» **How to complete this task**:
The task for the listing below is to write out exactly the lines starting at the one containing "A linear discriminant" and ending at the one containing "通過(guò)實(shí)驗", both included. Pictures are to be omitted.

» **Dataset content**:
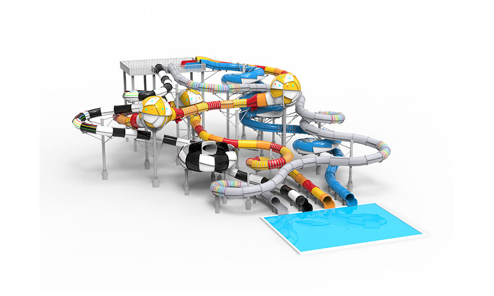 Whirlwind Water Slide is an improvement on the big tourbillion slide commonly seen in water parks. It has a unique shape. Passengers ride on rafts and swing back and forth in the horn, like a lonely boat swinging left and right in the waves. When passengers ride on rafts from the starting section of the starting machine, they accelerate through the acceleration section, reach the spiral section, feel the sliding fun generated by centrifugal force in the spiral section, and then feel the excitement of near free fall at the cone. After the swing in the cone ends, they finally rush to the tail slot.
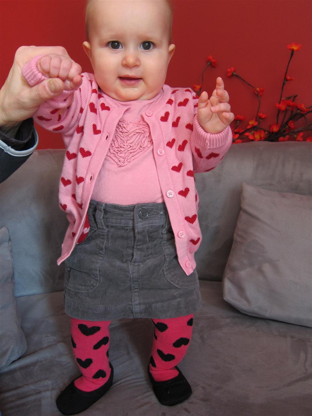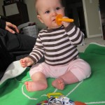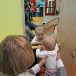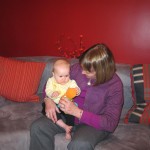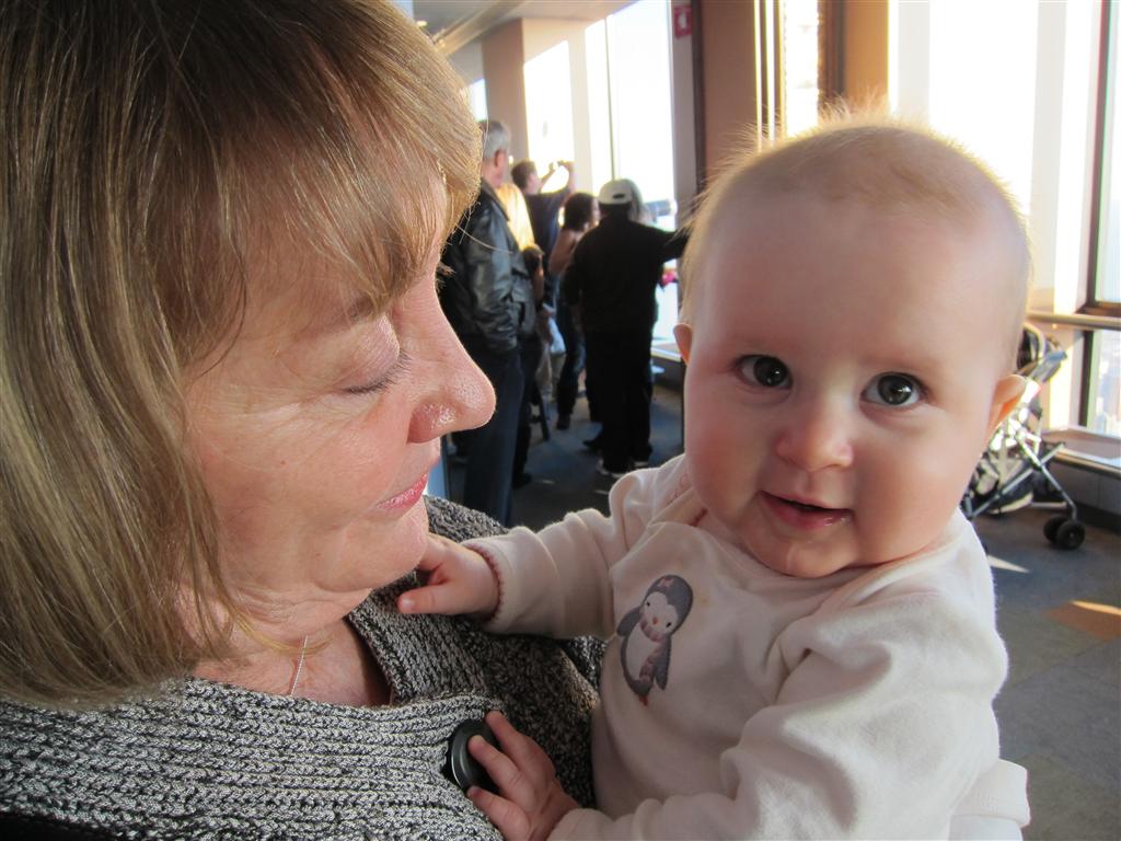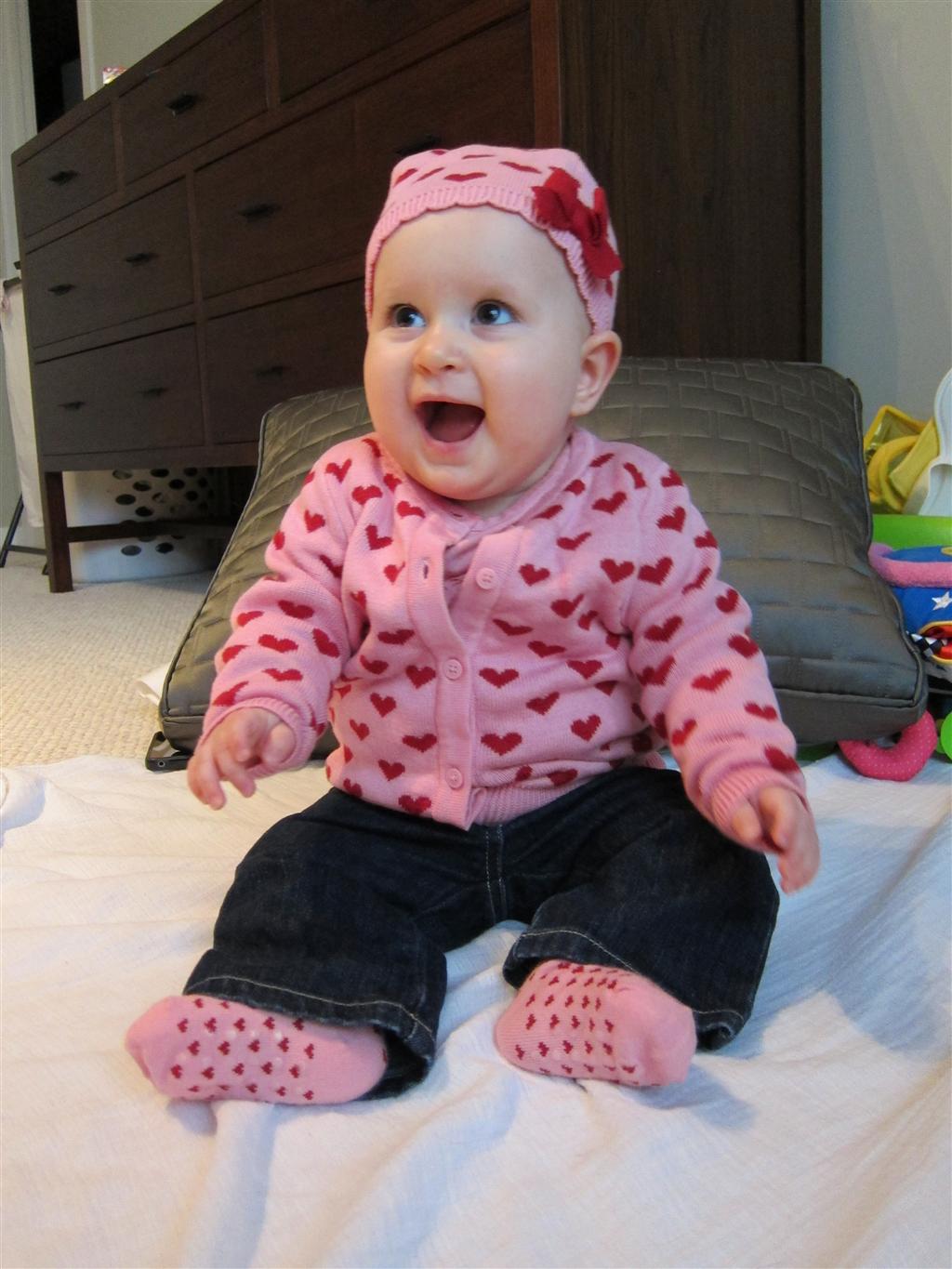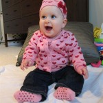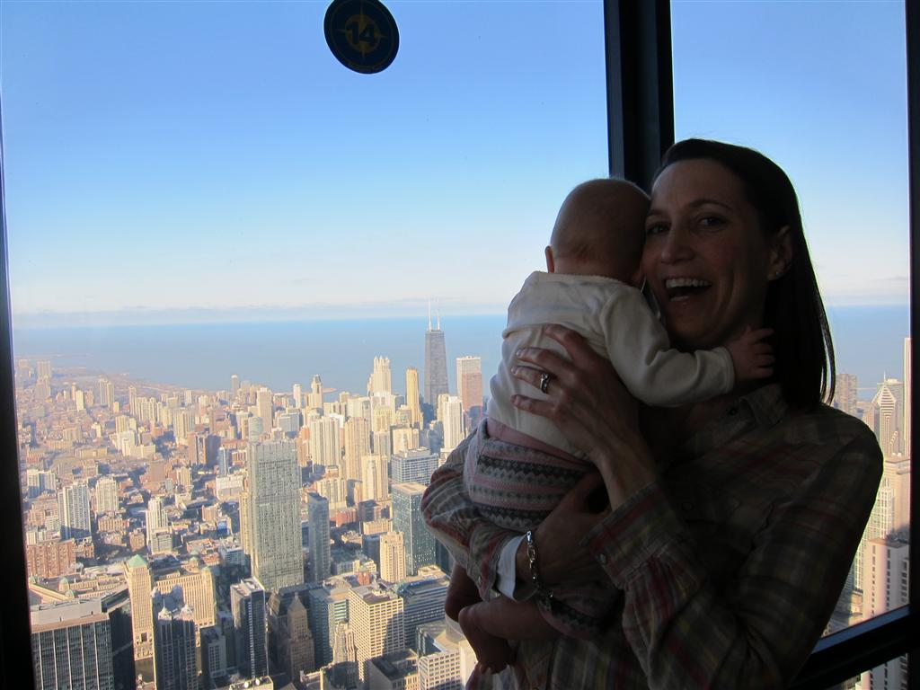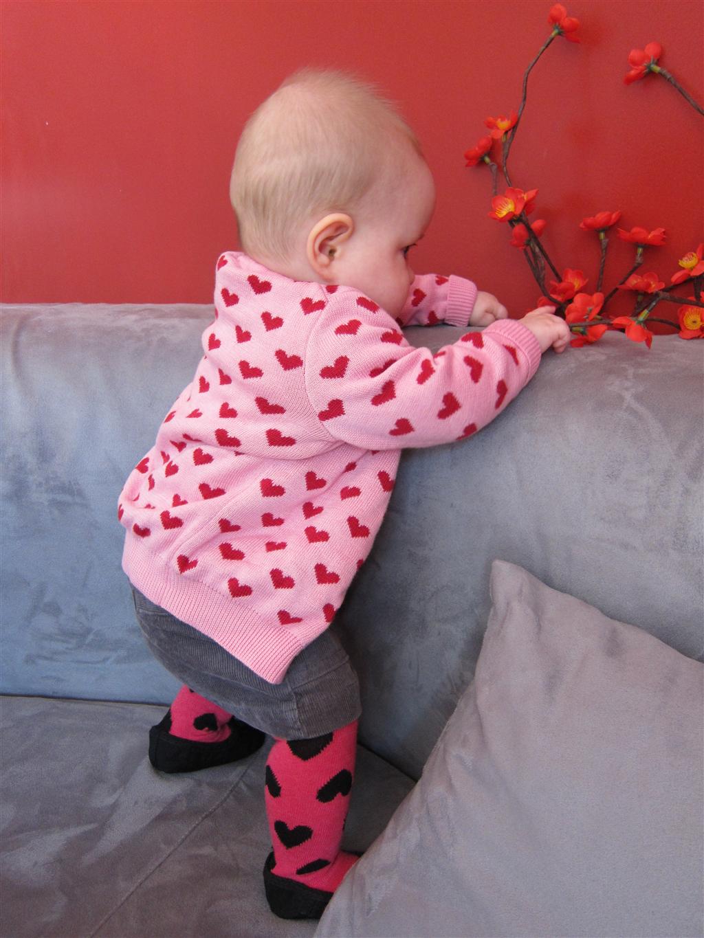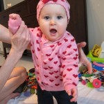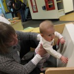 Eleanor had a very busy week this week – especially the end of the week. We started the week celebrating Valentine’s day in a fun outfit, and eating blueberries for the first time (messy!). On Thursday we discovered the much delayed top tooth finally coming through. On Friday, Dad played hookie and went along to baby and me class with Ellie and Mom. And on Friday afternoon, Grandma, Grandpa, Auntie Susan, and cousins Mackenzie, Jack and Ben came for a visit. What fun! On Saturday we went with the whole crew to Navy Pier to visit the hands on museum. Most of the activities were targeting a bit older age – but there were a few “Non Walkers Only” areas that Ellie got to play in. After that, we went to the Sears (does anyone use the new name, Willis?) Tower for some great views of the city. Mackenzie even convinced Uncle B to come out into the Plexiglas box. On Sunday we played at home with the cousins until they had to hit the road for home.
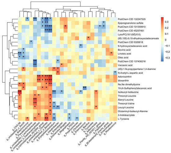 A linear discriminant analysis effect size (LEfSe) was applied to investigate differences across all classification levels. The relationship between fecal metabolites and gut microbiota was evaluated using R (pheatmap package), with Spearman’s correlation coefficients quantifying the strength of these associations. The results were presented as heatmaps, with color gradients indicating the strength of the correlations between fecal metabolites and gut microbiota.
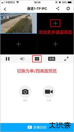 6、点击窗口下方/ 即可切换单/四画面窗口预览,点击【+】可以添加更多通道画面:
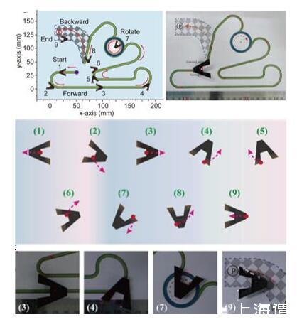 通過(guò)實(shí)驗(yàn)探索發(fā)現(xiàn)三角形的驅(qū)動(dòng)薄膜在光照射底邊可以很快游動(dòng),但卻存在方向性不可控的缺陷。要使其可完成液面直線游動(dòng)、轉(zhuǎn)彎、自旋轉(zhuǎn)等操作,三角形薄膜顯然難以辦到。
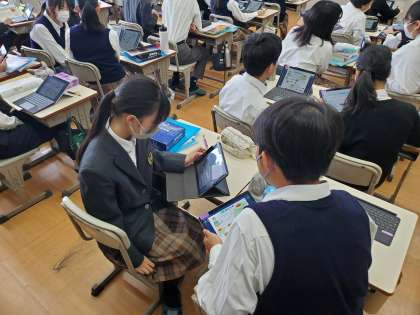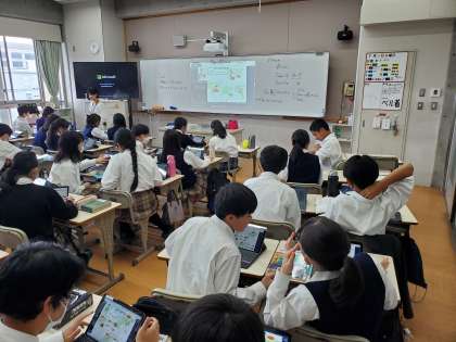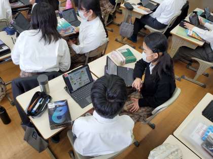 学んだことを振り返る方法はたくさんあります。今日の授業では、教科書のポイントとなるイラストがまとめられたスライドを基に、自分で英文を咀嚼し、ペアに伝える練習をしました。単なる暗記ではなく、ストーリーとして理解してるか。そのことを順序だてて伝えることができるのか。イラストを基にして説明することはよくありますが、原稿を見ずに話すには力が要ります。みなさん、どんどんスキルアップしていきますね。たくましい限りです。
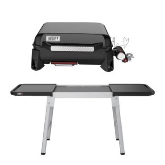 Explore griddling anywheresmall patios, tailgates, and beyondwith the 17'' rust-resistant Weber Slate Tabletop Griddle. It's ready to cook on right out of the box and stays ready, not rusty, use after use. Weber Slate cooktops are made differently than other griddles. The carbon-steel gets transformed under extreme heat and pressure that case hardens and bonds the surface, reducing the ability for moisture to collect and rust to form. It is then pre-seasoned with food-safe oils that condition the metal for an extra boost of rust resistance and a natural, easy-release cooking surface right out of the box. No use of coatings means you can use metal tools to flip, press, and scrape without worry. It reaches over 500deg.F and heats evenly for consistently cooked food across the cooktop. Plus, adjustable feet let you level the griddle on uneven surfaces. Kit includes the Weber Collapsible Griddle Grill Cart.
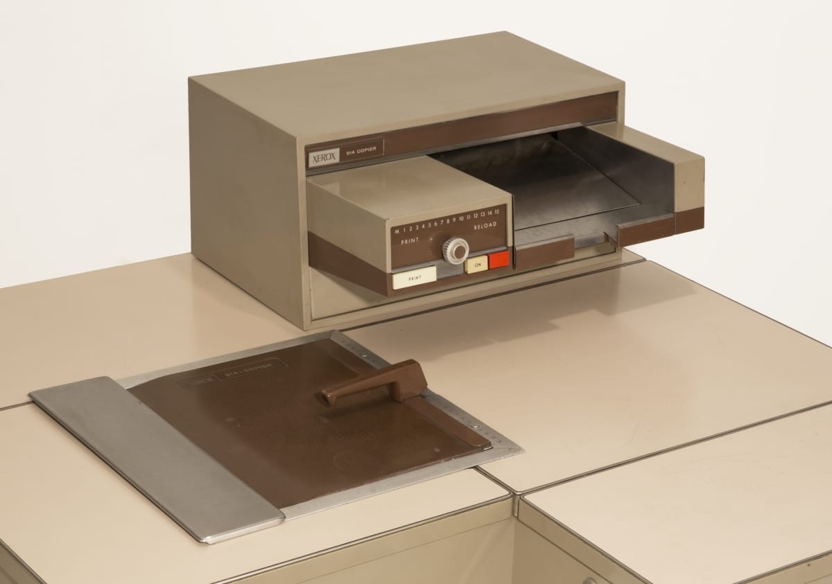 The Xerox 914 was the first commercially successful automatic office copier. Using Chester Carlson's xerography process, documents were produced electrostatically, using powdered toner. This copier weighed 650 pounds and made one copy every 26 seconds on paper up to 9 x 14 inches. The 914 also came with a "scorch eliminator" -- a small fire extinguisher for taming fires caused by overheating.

» **Solution for this task**:
 A linear discriminant analysis effect size (LEfSe) was applied to investigate differences across all classification levels. The relationship between fecal metabolites and gut microbiota was evaluated using R (pheatmap package), with Spearman’s correlation coefficients quantifying the strength of these associations. The results were presented as heatmaps, with color gradients indicating the strength of the correlations between fecal metabolites and gut microbiota.
 6、点击窗口下方/ 即可切换单/四画面窗口预览,点击【+】可以添加更多通道画面:
 通過(guò)實(shí)驗(yàn)探索發(fā)現(xiàn)三角形的驅(qū)動(dòng)薄膜在光照射底邊可以很快游動(dòng),但卻存在方向性不可控的缺陷。要使其可完成液面直線游動(dòng)、轉(zhuǎn)彎、自旋轉(zhuǎn)等操作,三角形薄膜顯然難以辦到。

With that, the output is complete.